Reynolds's parents encouraged all their children to take a practical interest in art, his elder sister, Elizabeth, recalling how they had been allowed to draw on the whitewashed walls of a long passage with burnt sticks. As James Boswell later noted, Reynolds's ‘two eldest sisters did little things … and he copied them. He used to copy all the frontispieces and plates in books’ (Hilles, Portraits, 20–21). Several of these copies have survived (J. Edgcumbe, ‘Reynolds's earliest drawings’, Burlington Magazine, 129, 1987, 724–6). They include a slight perspective drawing from The Practice of Perspective by Jean Dubreuil, a detail of a library from William Parson's English translation of Félibien, The Tent of Darius Explain'd, and a figure adapted from Jacob Cats's Spiegel of 1656.

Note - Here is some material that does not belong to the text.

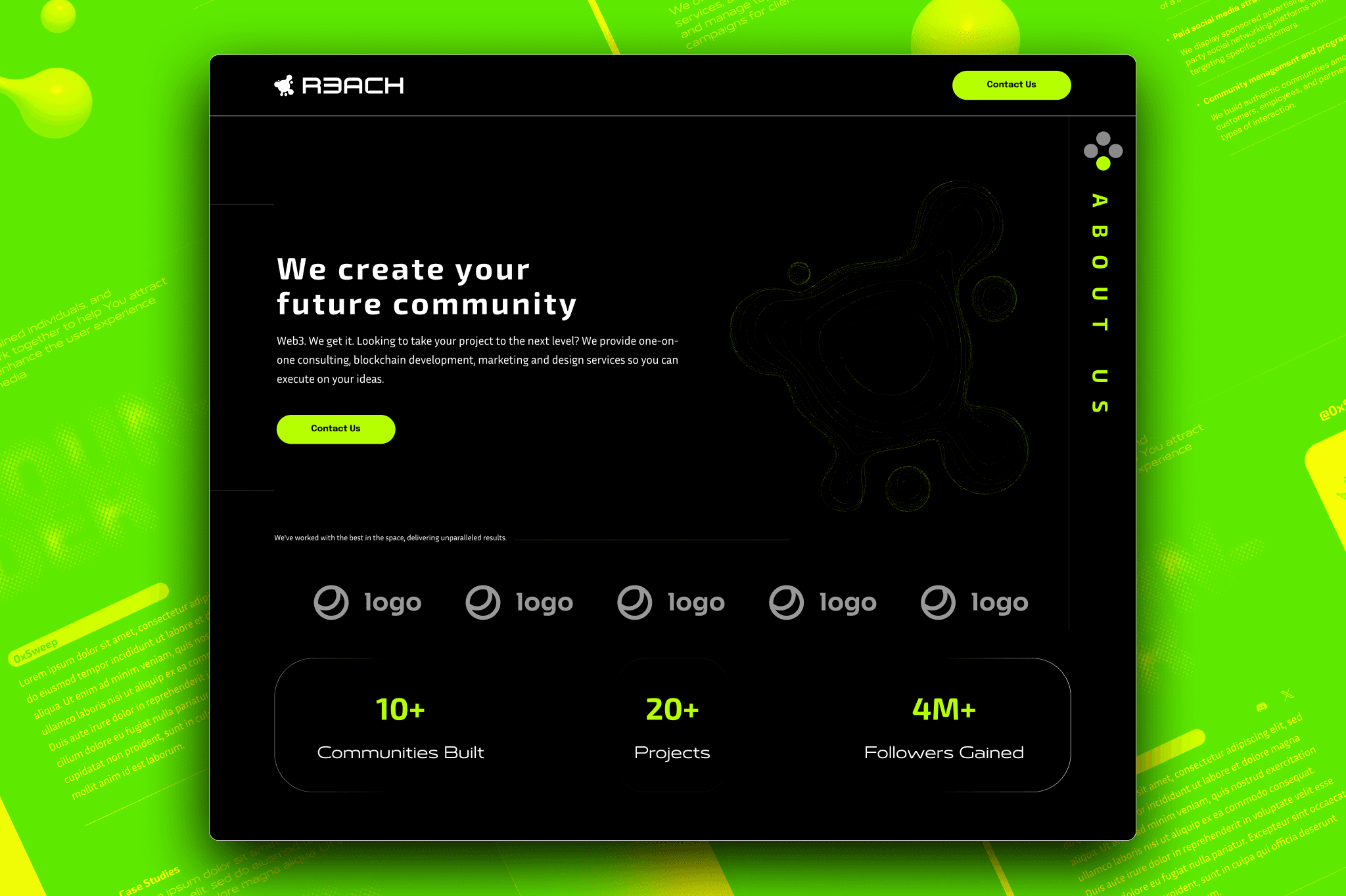 R3ACH brand was about seamlessly integrating fluidity and futurism into the Web3 and blockchain realm. The logo's dynamic dance not only echoes decentralized innovation but also evoking a sense of decentralized innovation and highlighting the paramount importance of connection

Reynolds's first recorded portrait, made at the age of twelve, dates from 1735. The subject was a local clergyman named Thomas Smart, tutor to Reynolds's boyhood friend Richard Edgcumbe. The painting, apparently made at the behest of Lord Edgcumbe, was executed in a boathouse using shipwright's paint and a piece of sailcloth. In 1738, when Reynolds was fourteen, his father entered into correspondence with a neighbouring landowner, James Bulteel, concerning his son's career prospects. Bulteel suggested that Joshua should go to London, offering to introduce him personally to ‘those in artistic circles’ (Hudson, 14). It was also suggested that Reynolds might train under his father as an apothecary, Reynolds himself declaring that he would rather be an apothecary than ‘an ordinary painter’ (ibid., 15). However, in the spring of 1740 it was agreed that Reynolds should be bound to the Devonian artist Thomas Hudson for a period of four years, rather than a full seven-year term as stipulated by the artists' guild, the Painter–Stainers' Company.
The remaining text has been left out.